É justamente essa negatividade que costuma impactar no sistema imunológico do paciente, podendo provocar dor em virtude da alteração do funcionamento de órgãos, por exemplo. Tudo isso é produto da associação disfuncional de pensamentos ou comportamentos como:

  • Transtorno de Ansiedade;
  • Depressão;
  • Preocupação intensa com o surgimento de quaisquer doenças futuras;
  • Ausência de resposta aos medicamentos e acentuação dos efeitos colaterais;
  • Medo descontrolado sobre a gravidade de sintomas que nem representam tanto risco;
  • Sensação de que a avaliação clínica, diagnóstico ou o tratamento médico nunca serão suficientes para alívio dos sintomas apresentados;
  • Receio de que os exercícios físicos, ainda que leves, podem ser prejudiciais ao seu estado de saúde;
  • Tendência a interpretar sensações físicas consideradas normais como um provável sinal de doença física grave ou incurável;
  • Hábito de manter consultas repetitivas com o mesmo médico ou buscar profissionais de diferentes especialidades que julga necessário
  • Demandas de consultas urgentes para sintomas não aparentes e/ou mínimos

Como as doenças psicossomáticas se desenvolvem?

O estresse está diretamente relacionado ao desenvolvimento de doenças psicossomáticas.
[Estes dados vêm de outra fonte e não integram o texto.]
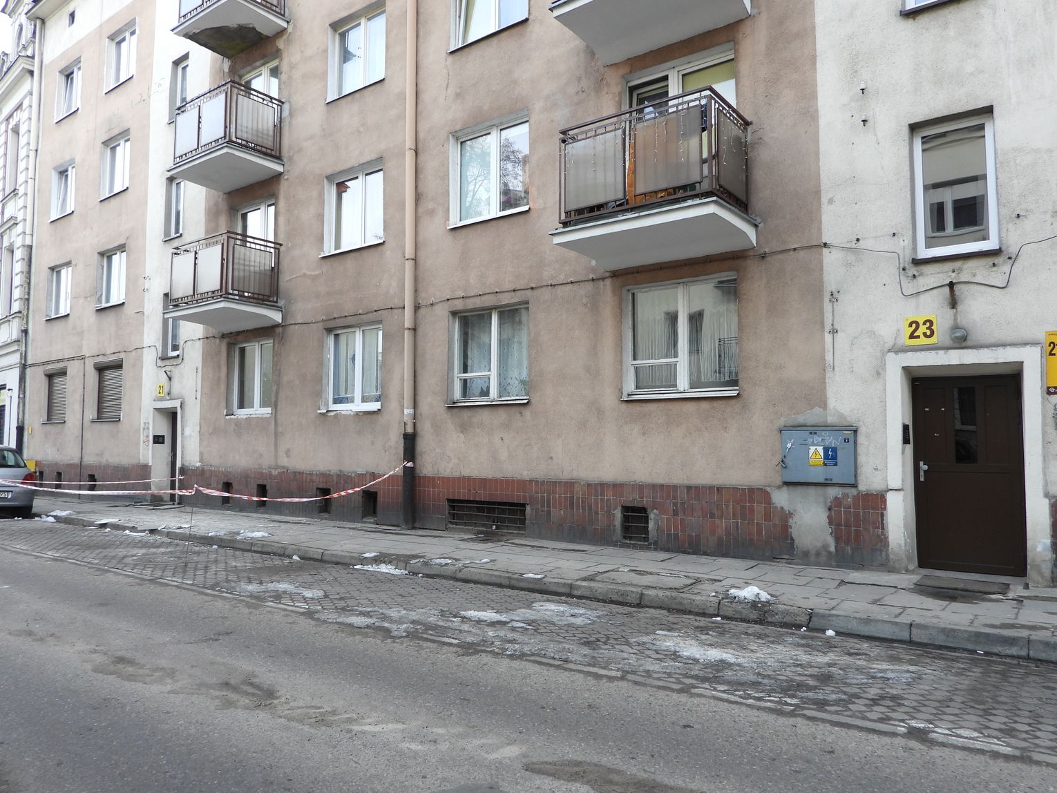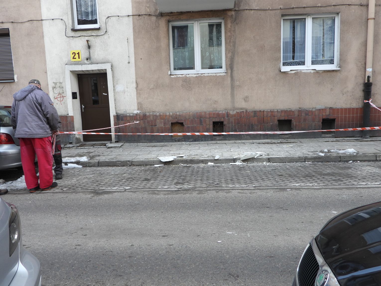 " W ciągu kwadransa moje służby były na miejscu. Ściągnęliśmy brygadę remontową. Za pomocą podnośnika skuliśmy resztę tej elewacji balkonu i usunęliśmy ewentualną możliwość spadnięcia pozostałej części. Poszkodowany mieszkaniec naszego budynku uzyskał informacje o numerze polisy i ubezpieczenia. We własnym zakresie ma skontaktować się z ubezpieczycielem celem oszacowania szkód i wypłacenia odszkodowania. Prawdopodobną przyczyną było zawilgocenie."
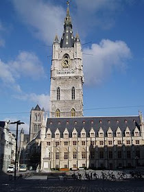 Questo è il Beffroi di Gand in una foto ufficiale scattata con un grandangolare sullo sfondo di un cielo quasi sereno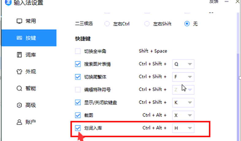 將劃入詞庫的這個(gè)快捷鍵勾選去掉,或者改成別的快捷鍵

Ele está presente em vários âmbitos da vida de uma pessoa, seja no trabalho, nos relacionamentos ou nos estudos, por exemplo. Contudo, em alguns momentos, é possível canalizar a energia para outros pontos, deixando que o estresse não vire um empecilho para o bem-estar biopsicossocial. 

Quando as pessoas estão em um período da vida altamente estressante, é uma questão de tempo até atingirem o esgotamento psicológico. A permanência em um ambiente tóxico (seja familiar ou profissional) ou a nutrição de um relacionamento tóxico são alguns exemplos de fatores debilitantes para a saúde mental.

Pessoas que estejam nesses contextos tendem a desenvolver emoções negativas e intensas com frequência, além de alimentar pensamentos que correspondem a um estado emocional ruim. Dessa forma, podemos entender que o estresse se acumula tanto na mente quanto no corpo.

Quando a pessoa não tem forças suficientes para modificar o modo de encarar a vida e o seu repertório comportamental em tempo hábil, costumam continuar sob influência de emoções negativas. Esse é um terreno extremamente fértil para a transformação de psicológico para psicossomático.

O corpo passa a sentir os efeitos da sobrecarga emocional e inicia a manifestação de sintomas aparentemente inexplicáveis, ou seja, sem relação aparente. Os exames médicos não conseguem encontrar sinais de debilitação física e, assim, entende-se que se trata de uma doença psicossomática. 

Conflitos internos (baixa autoestima, confusões sobre a sexualidade, insegurança, complexo de rejeição) também podem agravar o estado emocional e, como consequência, promover o desenvolvimento de uma doença psicossomática. 

Ademais, outra explicação para as comorbidades psicossomáticas é a pré-disposição originária de heranças familiares, bem como questões genéticas e fisiológicas. Nesse sentido, pessoas cujos pais ou familiares têm ou já tiveram transtornos, por exemplo, costumam ser mais suscetíveis a desenvolvê-los. 

As doenças psicossomáticas são quadros complexos do ponto de vista psicológico, uma vez que se desenvolvem a partir de traumas e/ou a sobrecarga de estresse em que a pessoa se submeteu. A origem dos sintomas pode ser algo misterioso (a primeiro momento) para o paciente, mas a dor é imensa e vai além do campo fisiológico.

Dessa forma, é preciso uma escuta extremamente afiada para conseguir encontrar brechas para identificação de comportamentos, crenças e pensamentos automáticos que trazem o entendimento de o que é a doença psicossomática e como o paciente pode ser tratado.